**Required work**. Would you repeat word for word the lines of the listing that follows, from the one with "Stunning Details: The" up to and including the one with "Diego i mine", and leave out the images?

*** Opening Data shown ***

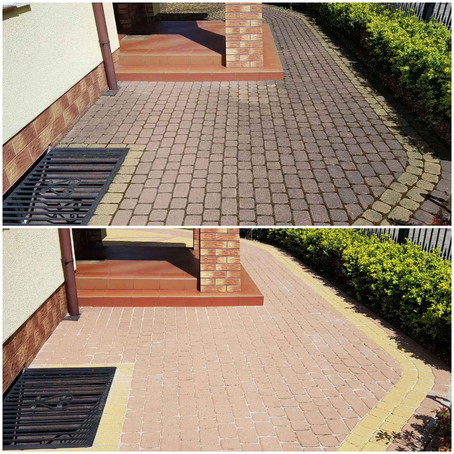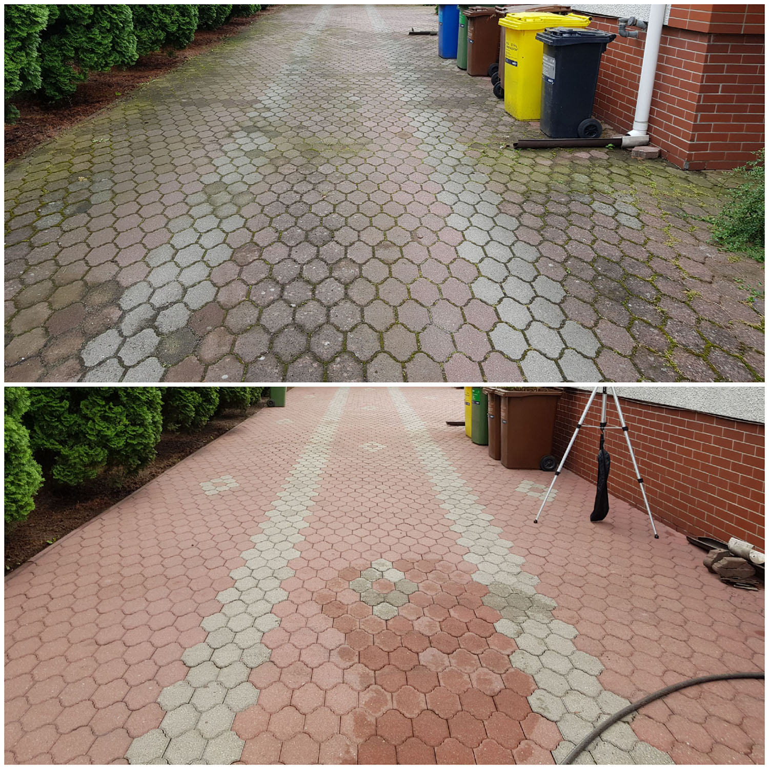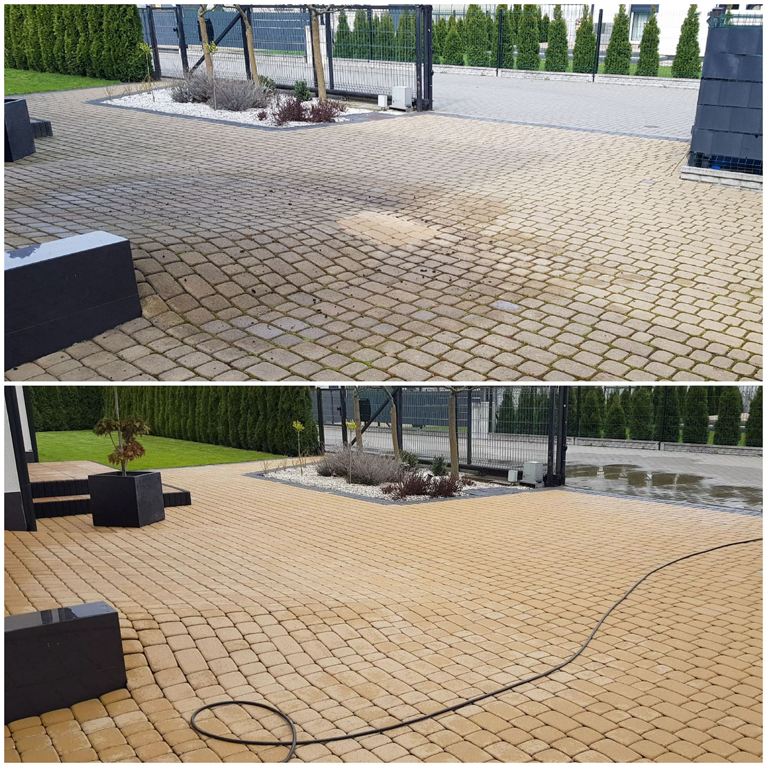 Zlecenie czyszczenia kostki i elewacji wykonane sprawnie, solidnie i profesjonalnie. Zeszła nawet rdza i wypalony mech na elewacji. Polecam z czystym sumieniem
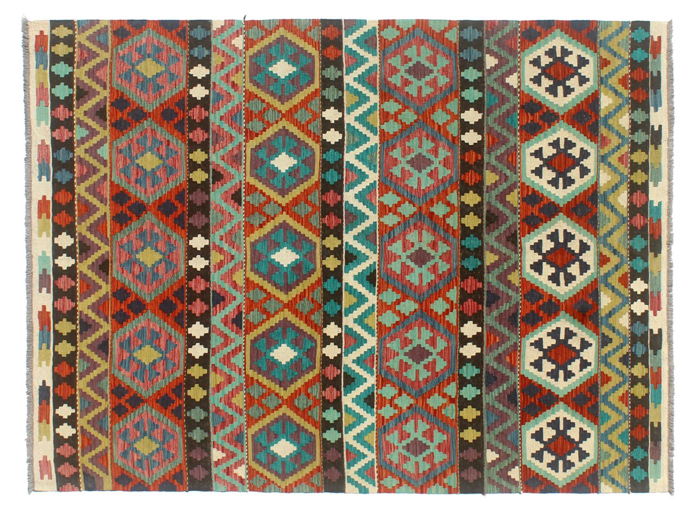 These Kilim rugs have a significant difference from hand-knotted rugs—they are handwoven. As a result, they do not have a high pile of wool and are often flatter and rougher than knotted wool rugs. Their construction is less intricate, making them generally much more affordable. Additionally, Kilim rugs are much lighter and can be laid out on either side. Handwoven Kilims originally come from what was once Persia and are now also widely produced in Afghanistan. They typically feature simple, straight-line patterns, which are characteristic of their weaving technique.
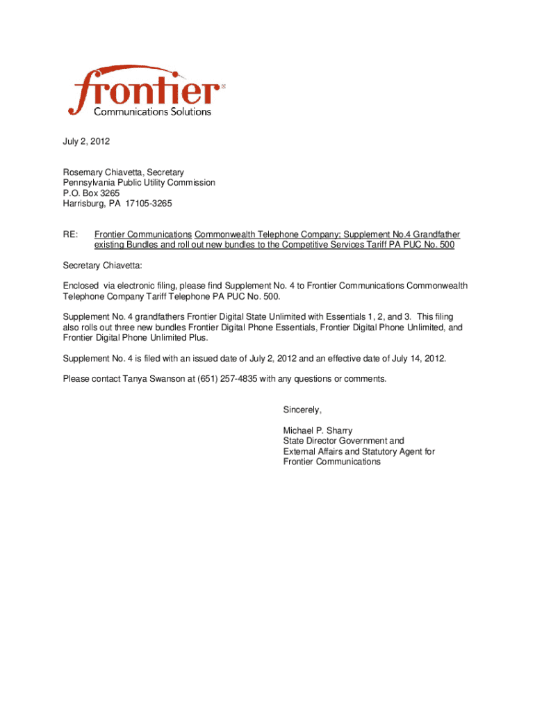 July 2, 2012Rosemary Ciabatta, Secretary Pennsylvania Public Utility Commission P.O. Box 3265 Harrisburg, PA 171053265RE:Frontier Communications Commonwealth Telephone Company; Supplement No.4 Grandfather
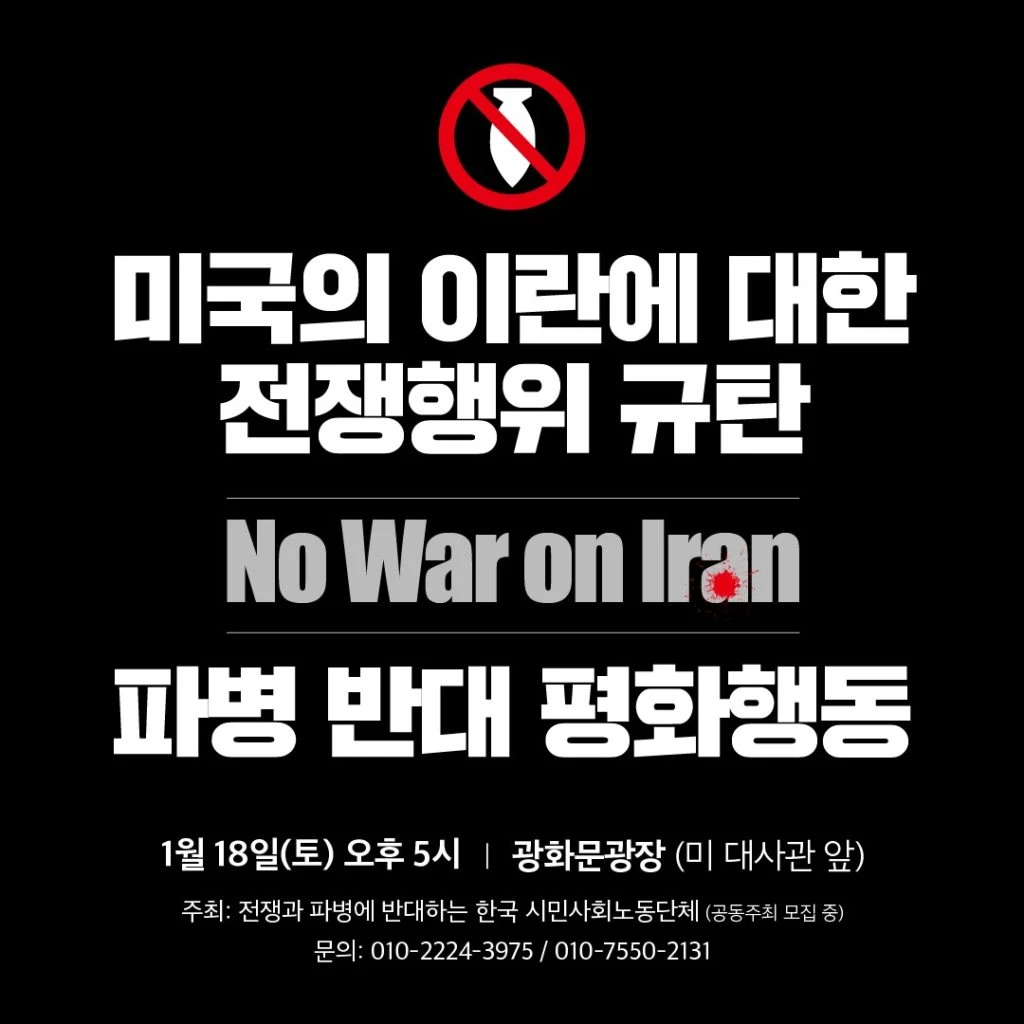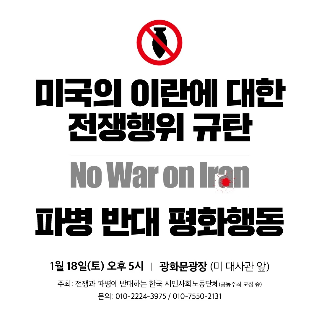 미국의 이란에 대한 전쟁행위 규탄 No War on Iran 파병 반대 평화행동
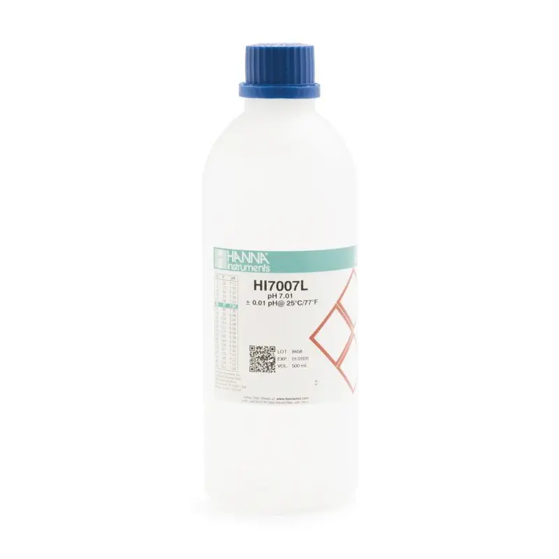 Les solutions tampons HANNA Instruments sont fabriquées avec des matériaux de référence certifiés NIST et standardisées avec un pH-mètre étalonné selon un standard primaire également rattaché à la norme NIST.
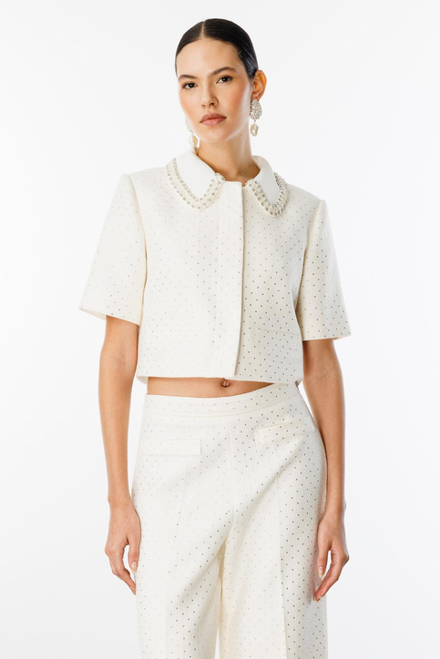 Stunning Details: The Peter Pan collar and embellished trousers with rhinestones will turn heads in any setting.
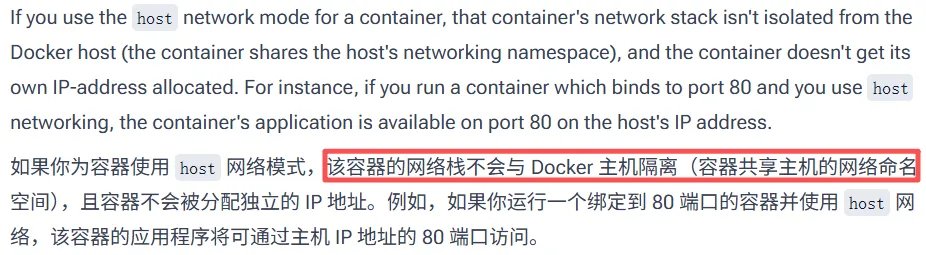 Docker官方定义:容器不创建独立的网络命名空间,直接加入宿主机init进程的网络命名空间,与宿主机共享完整网络栈。
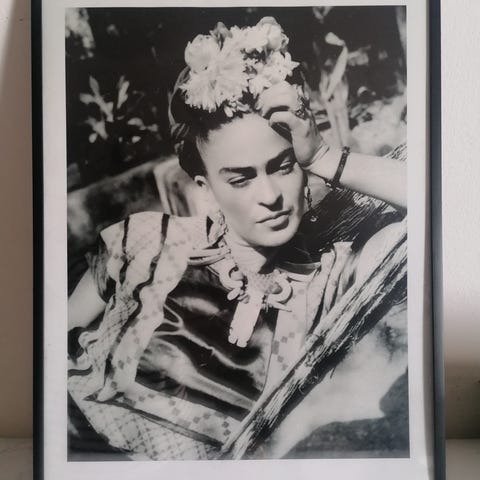 Diego i mine tanker er et af Frida Kahlos mest intense og symbolske selvportrætter, hvor identitet, kærlighed og lidelse smelter sammen i et enkelt billede. Kunstnerens ansigt træder frem forfra, indrammet af en udsmykket hovedbeklædning der åbner sig som et spind af tråde og rødder, mens på panden ses Diego Rivera’s portræt, en konstant og dominerende tilstedeværelse i hendes følelsesmæssige liv. Kompositionen, domineret af varme og gyldne nuancer, forvandler privat smerte til ikon og gør det ubrydelige bånd mellem tanke, hukommelse og følelse synligt.
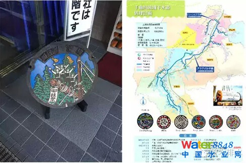 辦公樓門口裝飾著幾個設(shè)計別致又富有地區(qū)特色的下水道井蓋。曾在網(wǎng)上看到過介紹日本的下水道井蓋設(shè)計精美的文章,意在說明日本重視細節(jié)到了不放過井蓋。還真是這樣,這個污水處理廠管轄區(qū)域內(nèi)的各個市町村都設(shè)計有代表自己地區(qū)特色的井蓋。
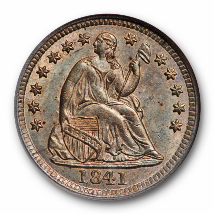 Description / 1841 Seated Liberty Half Dime NGC MS 65 Uncirculated Toned Old Fatty Holder
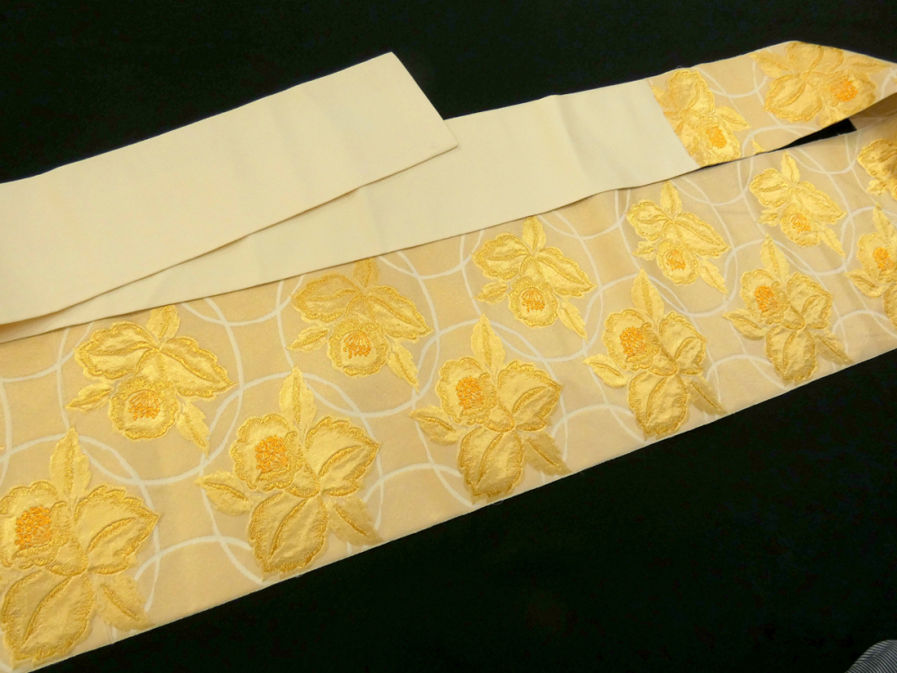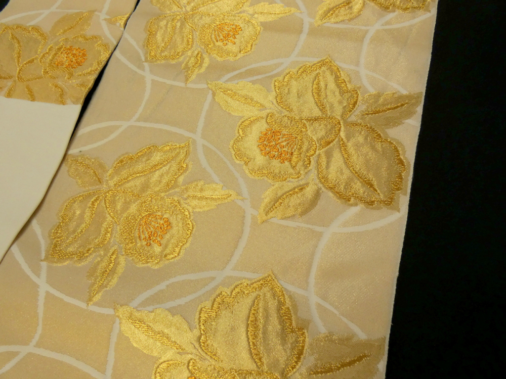 ◆雅星◆良品!!金×白*カトレア 八寸《名古屋帯》 販売価格 14,800円 (税込) 購入数 \送料無料/ カートに入れる この商品について問い合わせる お気に入り 特定商取引法に基づく表記 商品詳細 状態ランク: ★★★ 薄い金ベースにキラキラとした金糸で織り出されたカトレアの花♪ 薄手で軽くしなやかな締め心地です、カジュアルコーデを楽しめる万能な名古屋帯です。 画像の様なシミが見られますが、締めた際には目立ちにくいです。 ダメージの分お安くなっていますので、気にせずご着用いただける方、お買い得です♪ 帯のみの価格で、着物・小物は含まれておりません。 サイズ・素材 長さ 30.5cm×334cm 素材 化繊 状態ランクについて ★★★★★ 超美品・新品・未使用品です。 ★★★★ 中古品ですがダメージの無いお品です。 ★★★ 薄ジミなどがありますが着用時には目立ちません。 ★★ 工夫次第で十分着用可能なお買い得品です ★ 大きめのシミがありますので、リメイク材料等にどうぞ。
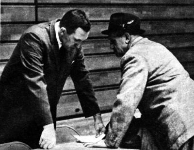 | POSTMORTEM after a Western defeat finds Ed comforting his successor, Johnny Oldham, left. |
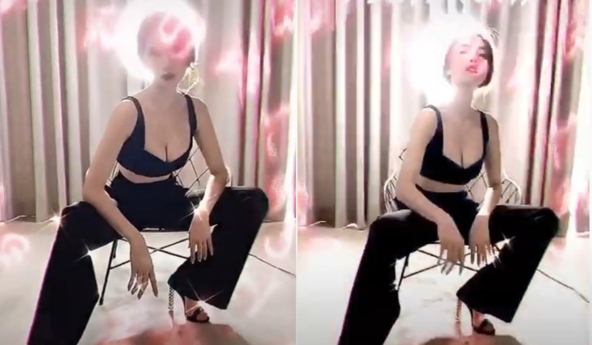 Cụ thể, bắt đầu clip, Ngọc Trinh diện một chiếc váy trần hở vai, bó sát cơ thể, ngắn lên tận đùi và ngồi khép nép. Ai nấy không khỏi ‘hú hồn’ khi Ngọc Trinh định giạng rộng chân ra để tạo dáng. Tuy nhiên, ngay sau đó, ‘nữ hoàng nội y’ đã chuyển nhanh cảnh thay đổi trang phục với một chiếc quần dài và chiếc áo croptop ‘o ép’ vòng 1. Đáng nói, vòng 1 căng tràn của Ngọc Trinh gây chú ý hơn cả vì cô nàng đã từng nhiều người hoang mang vì vòng một ‘lúc có lúc không’ của mình.

*** Closing Data shown ***

**Solved exercise**.
 Stunning Details: The Peter Pan collar and embellished trousers with rhinestones will turn heads in any setting.
 Docker官方定义:容器不创建独立的网络命名空间,直接加入宿主机init进程的网络命名空间,与宿主机共享完整网络栈。
 Diego i mine tanker er et af Frida Kahlos mest intense og symbolske selvportrætter, hvor identitet, kærlighed og lidelse smelter sammen i et enkelt billede. Kunstnerens ansigt træder frem forfra, indrammet af en udsmykket hovedbeklædning der åbner sig som et spind af tråde og rødder, mens på panden ses Diego Rivera’s portræt, en konstant og dominerende tilstedeværelse i hendes følelsesmæssige liv. Kompositionen, domineret af varme og gyldne nuancer, forvandler privat smerte til ikon og gør det ubrydelige bånd mellem tanke, hukommelse og følelse synligt.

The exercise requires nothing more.